Untethered Drone Gets Wireless Power
Wireless power is the only thing keeping this drone up in the air, thanks to the efforts of Imperial College boffins.
(Imperial College drone, flying without a battery or tether)
The researchers also built a separate transmitting platform that uses a circuit board, power source and copper coil of its own to produce a magnetic field. When placed near that platform, the drone's coil acts as a receiving antenna for that magnetic field, inducing an alternating electrical current. The quadcopter's rejigged electronics then convert that alternating current to direct current, which is used to power its flight.
Known as inductive coupling, the technique has been around since the time of Nicola Tesla. According to Imperial College, however, this is the first time that it has been used to power a flying vehicle. While it currently only works if the drone is within 10 cm (3.9 in) of the transmitter, it is hoped that the range can be greatly increased.

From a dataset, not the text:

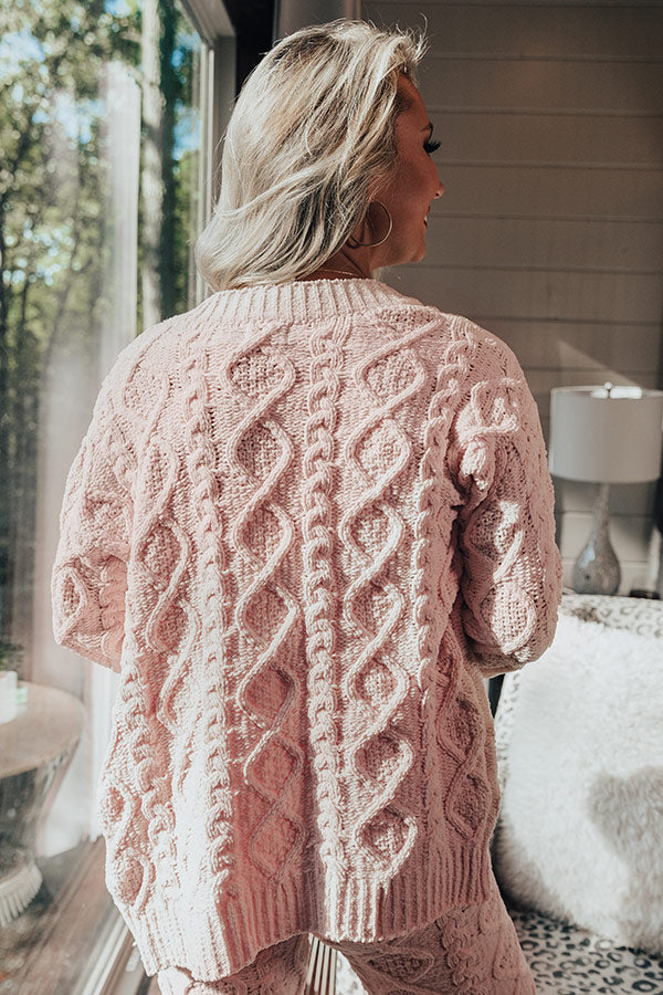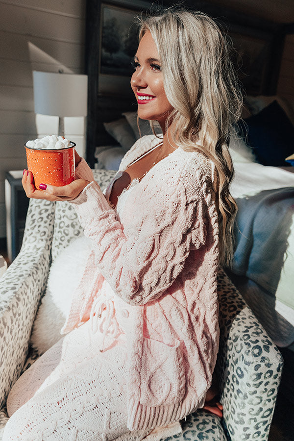 Never Too Cozy Cable Knit Cardigan In Light Pink

The first use of radiant power, or the wireless transmission of power, was arranged by the matchless inventor Nikola Tesla. The largest Tesla Coil ever built (the 'Magnifying Transmitter') could generate up to 300,000 watts of power, and produce a bolt of lightning 130 feet long. Tesla actually managed to successfully transmit about 30 to 50 thousand watts of power without wires using the coil.
However, it was left to Robert Heinlein writing in his classic 1942 novella Waldo to really set imagination free and imagine what you could do if you didn't need to carry some sort of stored power in your flying vehicle.

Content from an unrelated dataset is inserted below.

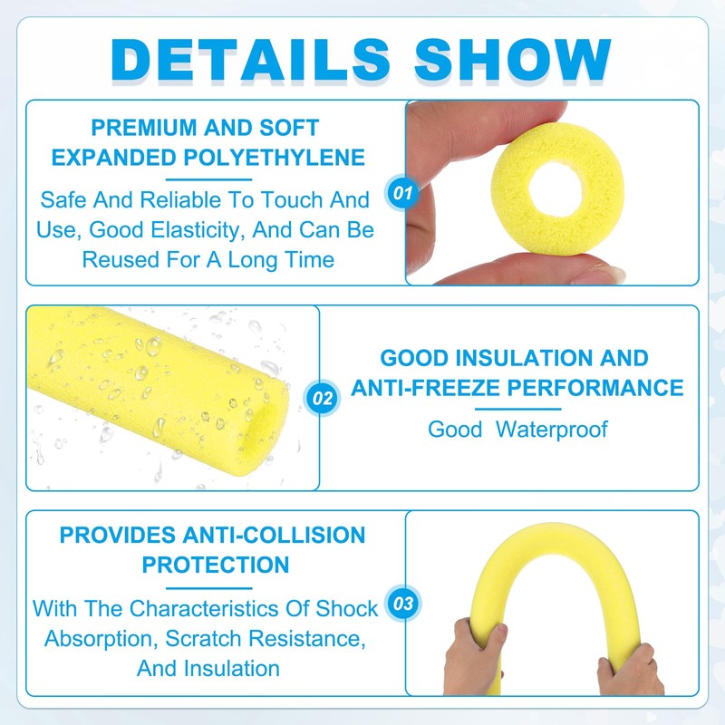 This foam tube is suitable for use as a good thermal insulation, cushioning, and shockproof material to protect pipes and handles of fitness equipment. It is widely used to reinforce and protect various pipes, such as furniture, heating, hot water, swimming pools, and beaches, as well as shatterproof packaging for DIY handicrafts.

"...We'll use my 'broomstick'".
Grimes let his eyes run over his friend's fusiformed little speedster. Its body was as nearly invisible as the plastic industry could achieve. A surface layer, two molecules thick, gave it a refractive index sensibly identical with that of air. When perfectly clean it was very difficult to see.
At the moment it had picked up enough casual dust and water vapour to be faintly seen - a ghost of a soap bubble of a ship.
Running down the middle, clearly visible through the walls, was the only metal part of the ship - the shaft, or, more properly, the axis core, and the spreading sheaf of deKalb receptors at its terminus. The appearance was enough like a giant witch's broom to justify the nickname. Since the saddles, of transparent plastic, were mounted tandem oven the shaft so that the metal rod passed between the legs of the pilot and passengers, the nickname was doubly apt.